Supplied information
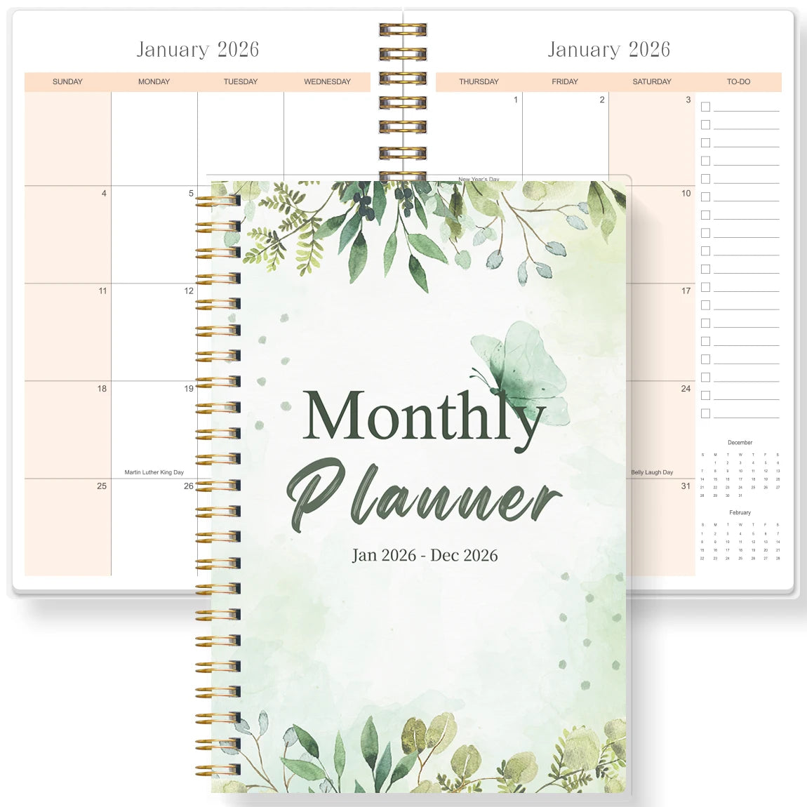 2026 A5 Monthly Planner,Green Butterfly Floral Cover,Academic Agenda with Notes&To Do List,Perfect for Time Management,Good Gift
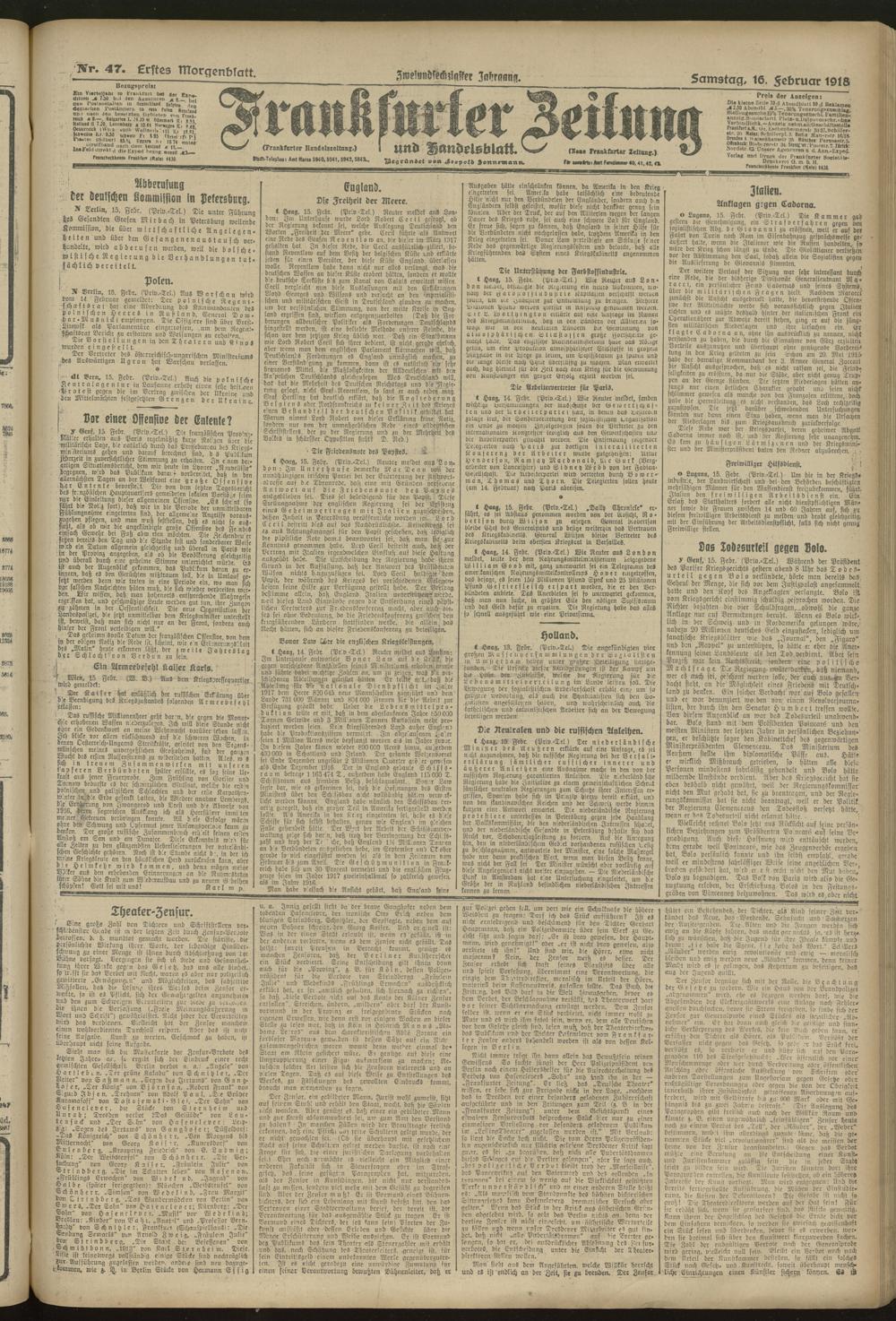 16.02.1918 = Nr. 47. Erstes Morgenblatt
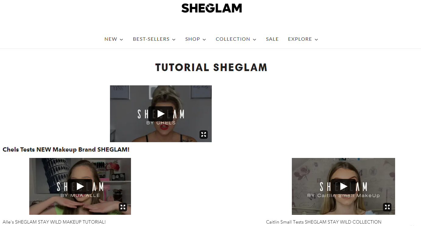 此外,SHEGLAM在獨立站設置了一個化妝教程板塊,用戶可以看到完整的美妝教程視頻,有促進了用戶的購買轉化。

Required action
Without including any picture, output all the material exactly as it appears.

Written response
 2026 A5 Monthly Planner,Green Butterfly Floral Cover,Academic Agenda with Notes&To Do List,Perfect for Time Management,Good Gift
 16.02.1918 = Nr. 47. Erstes Morgenblatt
 此外,SHEGLAM在獨立站設置了一個化妝教程板塊,用戶可以看到完整的美妝教程視頻,有促進了用戶的購買轉化。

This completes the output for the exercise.